Song of My Sister by Virginia Hughes

Mary carries me across the river.

Mary and Virginia

Mary and Virginia

She carries me

home from church.

She is my third mother, 

on a team of three women,

made of Mother and my two older sisters.

Mary explains about boys

and changes that will come.

She knits scarves of many colors

to warm the cold winters when we move from the tropics to the bitter Midwest winters.

My bedroom is drab until she gives me curtains and matching bedspread in a pattern of bright blue ponds hopping with green, smiling frogs.

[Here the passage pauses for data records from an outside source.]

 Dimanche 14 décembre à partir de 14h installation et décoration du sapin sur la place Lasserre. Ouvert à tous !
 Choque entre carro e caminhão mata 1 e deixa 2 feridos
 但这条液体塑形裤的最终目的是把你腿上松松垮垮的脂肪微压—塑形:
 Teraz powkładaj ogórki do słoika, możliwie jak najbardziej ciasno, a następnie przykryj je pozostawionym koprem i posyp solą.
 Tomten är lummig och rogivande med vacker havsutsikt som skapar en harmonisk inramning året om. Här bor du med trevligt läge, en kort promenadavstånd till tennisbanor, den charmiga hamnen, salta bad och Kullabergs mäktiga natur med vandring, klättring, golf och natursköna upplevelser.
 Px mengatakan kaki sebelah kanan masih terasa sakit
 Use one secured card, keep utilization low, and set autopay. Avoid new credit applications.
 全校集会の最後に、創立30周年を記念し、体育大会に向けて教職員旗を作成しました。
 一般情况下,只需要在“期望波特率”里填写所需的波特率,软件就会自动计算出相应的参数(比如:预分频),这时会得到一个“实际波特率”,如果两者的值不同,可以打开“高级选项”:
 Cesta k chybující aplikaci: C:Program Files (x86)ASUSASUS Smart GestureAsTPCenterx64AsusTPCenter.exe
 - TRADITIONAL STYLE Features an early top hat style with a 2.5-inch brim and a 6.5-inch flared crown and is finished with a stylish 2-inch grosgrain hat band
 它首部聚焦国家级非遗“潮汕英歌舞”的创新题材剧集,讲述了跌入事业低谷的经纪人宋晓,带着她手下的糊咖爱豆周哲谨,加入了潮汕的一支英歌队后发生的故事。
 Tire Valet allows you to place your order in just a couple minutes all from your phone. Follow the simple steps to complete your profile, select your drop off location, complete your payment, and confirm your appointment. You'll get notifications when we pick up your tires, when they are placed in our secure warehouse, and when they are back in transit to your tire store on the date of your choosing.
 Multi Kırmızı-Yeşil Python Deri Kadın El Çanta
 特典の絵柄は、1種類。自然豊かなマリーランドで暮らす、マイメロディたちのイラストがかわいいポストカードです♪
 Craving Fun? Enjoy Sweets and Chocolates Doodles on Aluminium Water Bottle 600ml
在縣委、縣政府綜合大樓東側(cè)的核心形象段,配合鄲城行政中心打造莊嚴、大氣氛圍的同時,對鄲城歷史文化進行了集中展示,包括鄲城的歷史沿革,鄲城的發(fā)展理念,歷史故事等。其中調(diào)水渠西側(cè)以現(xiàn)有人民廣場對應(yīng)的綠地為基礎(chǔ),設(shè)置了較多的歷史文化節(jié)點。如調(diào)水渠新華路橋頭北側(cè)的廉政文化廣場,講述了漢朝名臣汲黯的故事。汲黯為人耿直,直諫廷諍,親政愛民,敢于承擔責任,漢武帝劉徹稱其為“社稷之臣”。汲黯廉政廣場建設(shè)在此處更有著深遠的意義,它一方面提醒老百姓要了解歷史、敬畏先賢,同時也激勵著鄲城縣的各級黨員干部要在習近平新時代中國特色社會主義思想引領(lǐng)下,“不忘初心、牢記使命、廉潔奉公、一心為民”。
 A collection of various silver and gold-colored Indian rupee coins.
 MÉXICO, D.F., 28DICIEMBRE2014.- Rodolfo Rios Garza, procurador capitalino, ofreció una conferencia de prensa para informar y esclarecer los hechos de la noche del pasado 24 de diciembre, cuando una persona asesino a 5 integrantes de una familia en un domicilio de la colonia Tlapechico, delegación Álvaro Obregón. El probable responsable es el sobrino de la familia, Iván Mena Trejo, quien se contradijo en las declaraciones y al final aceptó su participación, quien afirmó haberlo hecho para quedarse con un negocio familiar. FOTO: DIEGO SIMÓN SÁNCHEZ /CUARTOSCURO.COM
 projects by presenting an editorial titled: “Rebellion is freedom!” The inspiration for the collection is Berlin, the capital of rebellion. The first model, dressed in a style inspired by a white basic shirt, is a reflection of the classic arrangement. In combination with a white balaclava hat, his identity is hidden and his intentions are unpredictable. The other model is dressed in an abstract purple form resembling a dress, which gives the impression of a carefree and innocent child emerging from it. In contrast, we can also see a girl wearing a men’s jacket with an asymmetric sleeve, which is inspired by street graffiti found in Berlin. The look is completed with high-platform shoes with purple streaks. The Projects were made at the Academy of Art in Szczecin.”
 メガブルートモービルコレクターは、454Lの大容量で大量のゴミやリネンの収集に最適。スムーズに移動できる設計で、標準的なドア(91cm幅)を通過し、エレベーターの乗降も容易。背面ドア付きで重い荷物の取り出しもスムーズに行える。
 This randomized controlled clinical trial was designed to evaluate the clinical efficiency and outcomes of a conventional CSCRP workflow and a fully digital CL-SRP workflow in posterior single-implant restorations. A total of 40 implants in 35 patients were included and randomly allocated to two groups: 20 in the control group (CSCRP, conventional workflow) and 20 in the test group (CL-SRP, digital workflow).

She teaches me how to clean house and babysit with thorough finesse; passing down odd jobs so I learn the dignity of work and earn money to buy elephant bell-bottomed jeans at the Bargain Center.

Wanting so desperately to be in love, during college, Mary wills her way into a young man’s heart and they wed. He welcomes her devotion, and then resents her. He does not love her as she longs. Their life twists into cords of strangling suffocation as the decades pass.

Mary carries me again helping plan my wedding as my adult life is just beginning.

Her husband goes into the night at odd hours, and her diaries clang with worry and jealousy over women she suspects he entertains. Her mind screams into the emptiness, why is he leaving? When will he return? She rocks their young sons to sleep. She finds love notes signed with flirting hearts and flowers in his closeted, tweed pockets.

Throughout her turmoil, Mary keeps an open house inviting us all for the holidays for years and years where we feast together enjoying warmth of family. The bubbling tension between her and her husband melds a crazy blend of beauty, delicious food, decorations, awkwardness and tears.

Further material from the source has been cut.